What a cute little story, the moral of which appears to be:  A renter has two reasons for happiness should all former owners be turned into renters.  For one, the renter's situatation has not changed, since he owes the same rents, only now they go to the state.  But the renter's other reason for being happy with landowners being reduced to renters is the satisfaction of knowing that *they both now share the same economic disadvantages*. 

Let's bust that story out of your false choice, closed loop, all-encompassing and ridiculously LVT-convenient paper tiger mode, shall we? 

Consider two farmers (Very Good Friends and Neighbors) who are farming the same amount and quality of land, with a country border that separates them.  *Both* farmers _own the land they farm_.  As both are landowners, neither has ever paid rents to any other landowner. Both farmers sell their crops at the same price, are equally efficient, and using the same production methods.  Both are pocketing all of the profits from farming, which naturally includes the land rents, since that factor of production was bought and paid for (to each respective state, we'll call them both homestead farmers), and is owned by each farmer.  So both are free and secure on their land, with income that is roughly equal.  

Now introduce LVT, as a Land Fascist/GeoSocialist coup has taken place on one side of the border, _in one country only_.  Now one of the farmers rents his land from the state.  The other farmer still owns his land, so his income is now "_maybe triple the renting farmer's income_". 

The landowning farmer in the LVT-free country is unaffected, as he never paid rents to a landowner to begin with, and still owes no rents to the government.  His profits stay the same, his selling price stays the same, etc.  The farmer who now rents his land from the state is obviously not happy because now he makes far less money than the landowning farmer, who now has more capital to work with on his farm. The LVT-renting farmer, on the other hand, must work much, much harder to simply exist, as he is now effectively a sharecropper who must support both his farm and the state, and has much less capital to invest.

The LVT Fascist/"State Capitalists" let the renting farmer know that he is a simpleton who does not know any economics, and should feel good now that he is no longer a thief who is robbing everyone in the community and depriving them of justice and liberty without just compensation, while supporting the cause of millions upon millions of deaths, to the tune of two holocausts, every year.  They further let him know that there is no reason to close his business or go bankrupt. He must accept his permanent indentured servitude status to the new Geosocialist state, and learn new terminology language that is not so _Evil Murdering Propertarian_ oriented.  

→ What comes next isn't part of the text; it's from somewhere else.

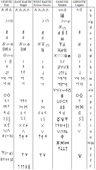 Het alfabet van Sanzeno (en ook dat van Bozen), ongeveer 100 Rhaetische inscripties. Het alfabet van Magrè (nabij Schio), Oost-Rhaetiaanse inscripties.

The LVT-renting farmer can downsize his farm, making room for other would-be state sharecroppers (er, farmers), but the more likely path if he can't make it is to sell to the more capital-rich farmer nearby, who seizes the opportunity to consolidate all the other farmers eggs into his basket for maximum yield. Having sold, the former renting farmer might be able to flee across the border, and try for citizenship in the LVT-free country.  Or, he can just listen to Roy, the community LVT zealot, who can teach him all about how to stew, green with envy in the knowledge that the LVT-free landowning neighbor (and sympathetic friend) across the fence, whose situation has not changed, has "_obtained_" an economic advantage that he never really sought in the first place.  But the renter will really stew against his own state - not his landowning neighbor and friend, because the perpetual-renter-with-no-landowning-opportunity knows the truth - that he is now artificially fettered *with economic disadvantages* that were clapped onto him like a ball and chain, as the land that was once his was "incorporated" and arrogated as State Capital by those at the State Capitol without his consent.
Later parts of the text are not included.